2. Defendant also argues that the federal Religious Freedom Restoration Act provides a defense, presumably because of his view that
Based upon the advice given to me by Islamic Scholars … the conclusions were: 1. Consensus was that this [sic] no Muslims are permitted. 2. Muslims are not allowed to kill another Muslim except under three conditions . . . . Given the religious ruling, any combatant role I undertake would jeopardize my belief and place me in an unfavorable position on the Day of Judgment.
RFRA provides that, when the federal government substantially burdens a person’s religious practice — for instance, by requiring him to do something that his religion forbids — the person is entitled to an exemption (even when the law is generally applicable, and doesn’t single out religious people for special burden) unless the government shows that applying the law to the person is the least restrictive means to serve a compelling government interest.
The court says no: Even if the order burdened defendant’s religious practice (which the court assumes for the sake of argument),
The Army has a compelling interest in requiring soldiers to deploy with their units. As the Supreme Court has said, “[i]t is ‘obvious and unarguable’ that no governmental interest is more compelling than the security of the Nation.” The Army’s primary mission is to maintain national security by fighting and winning our nation’s wars. The Army cannot accomplish this primary mission if it cannot deploy, in a state of military readiness, the various units into which it is organized.

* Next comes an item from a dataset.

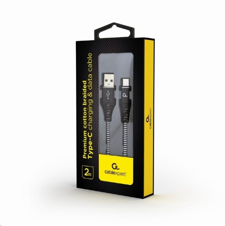 Prémiový bavlnený opletený nabíjací a dátový kábel USB typu C, 2 m, čierny/biely

Giving soldiers the option to decide selectively whether they wish to participate in particular military operations would undermine the readiness of all units to deploy, and thus compromise the Army’s mission and national security.
In this case, the Army furthered its compelling interest in the least restrictive manner possible. Although the Army required appellant to deploy with his unit, the Army made numerous allowances for him. The Army afforded him the opportunity to request relief as a conscientious objector. The Army gave him the right to request reasonable accommodation of his religious practices. Finally, although apparently not required to do so by any regulation, appellant’s commander generously allowed appellant to deploy with his unit in a non-combatant role….

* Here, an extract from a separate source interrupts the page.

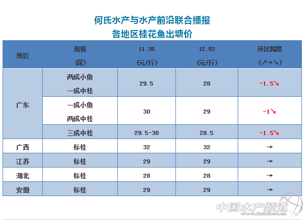 2、本周外省四大桂魚產區的塘頭價持穩,出魚量相對之前有所下降,主要受當地天氣影響,預計本月上旬出魚量會保持穩定,下旬可能會慢慢下降。

As the Supreme Court has stated, “to accomplish its mission the military must
foster instinctive obedience, unity, commitment, and esprit de corps.” … “The inescapable demands of military discipline and obedience to orders cannot be taught on battlefields; the habit of immediate compliance with military procedures and orders must be virtually reflex with no time for debate or reflection.”
Sounds quite right to me. I should also add that the Supreme Court held in Gillete v. U.S. (1971) that people weren’t entitled to a religious exemption from the duty to serve in the military, beyond what was provided by the limited conscientious objector exception (which applies only to those who object to all military service, rather than to those who refuse to fight in what they see as “unjust” wars). Gillette was decided during the era when the Court viewed the Free Exercise Clause as providing a presumptive right to religious exemptions; the Court later reversed that position, but the Religious Freedom Restoration Act basically reinstated the Gillette-era religious exemption doctrine as to the federal government, so Gillette would still be good precedent as to RFRA cases (though for some reason the Army Court of Criminal Appeals didn’t cite it).